Compte tenu de cette diversité de situations, il est assez difficile d'établir une typologie des États. En outre, il n'existe aucune étude exhaustive sur les droits politiques des communautés de nationaux vivant à l'étranger. La tentative de classement que je vais vous proposer repose en partie sur l'enquête menée en novembre 2006 par le service de législation comparée du Sénat sur la représentation institutionnelle des citoyens expatriés. Cette enquête portait sur onze pays de l'Union européenne. J'ai également puisé des informations précieuses sur le site des Européens dans le monde www.euromonde.eu et sur un site libanais www.elections-lebanon.org . Enfin, je suis reconnaissante au travail effectué par Aziz BELAOUDA auprès des représentations consulaires étrangères à Paris, lorsqu'il était stagiaire à la division de la présence dans le monde du Sénat au nom de laquelle je m'exprime aujourd'hui.

Au total, les États peuvent grosso modo se classer en quatre catégories :

1. Les États qui ne reconnaissent pas (encore) la qualité de citoyens à leurs expatriés

On l'a vu, accorder le droit de vote à des citoyens qui ont fait le choix de s'établir à l'étranger n'est pas une question anodine. Surtout lorsque la diaspora représente une partie non négligeable de la communauté nationale. C'est particulièrement le cas des pays ayant connu des exodes importants, soit pour des raisons économiques, soit à la suite de guerres civiles ou de conflits régionaux.

Les arguments des États qui s'opposent au droit de vote de leurs diasporas sont de trois ordres :

Certains États craignent que la participation des expatriés, aux scrutins nationaux (présidentiel et/ou législatif) ne soit un facteur de déstabilisation de l'équilibre politique et/ou confessionnel actuels ;

D'autres affirment que les expatriés ne participent pas à la vie nationale au même titre que les résidents dans la mesure où ils ne font pas leur service militaire, ne s'acquittent pas des impôts sur les personnes physiques et n'effectuent pas de séjours réguliers sur le territoire national ;

Une troisième catégorie d'opposants avancent l'argument des difficultés et des obstacles techniques : difficulté de recensement des expatriés ; complexité et coût élevé de l'organisation d'élections à l'étranger ; impossibilité d'organiser une propagande électorale, etc.

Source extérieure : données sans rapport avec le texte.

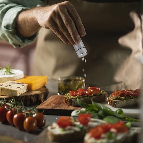 Facile da Usare: Questo contenitore per sale e pepe è dotato di un'ampia apertura per un riempimento facile e veloce semplicemente aprendo il coperchio. L'acciaio inossidabile è facile da pulire, basta pulirlo con acqua tiepida e un po' di detersivo per piatti.

Pour ces différentes raisons, le Liban s'est longtemps opposé à l'organisation d'élections hors de son territoire. Les Libanais résidant à l'étranger et inscrits sur les listes électorales libanaises sont en effet estimés à environ 500.000, soit 1/6e de l'électorat libanais. Ces électeurs potentiels ont quitté le pays à partir des années 50 et sont d'égale répartition confessionnelle.

A la suite du lobbying actif de l'association « Lebanese Dream - Intichar », la loi électorale du 8 octobre 2008 a octroyé aux résidents libanais à l'étranger le droit de participer aux prochaines élections parlementaires (de 2013) à condition d'être inscrits sur les listes électorales. Ils pourront ainsi voter dans les bureaux de vote prévus à cet effet dans les ambassades et consulats, dans les 10 jours qui précéderont le scrutin au Liban.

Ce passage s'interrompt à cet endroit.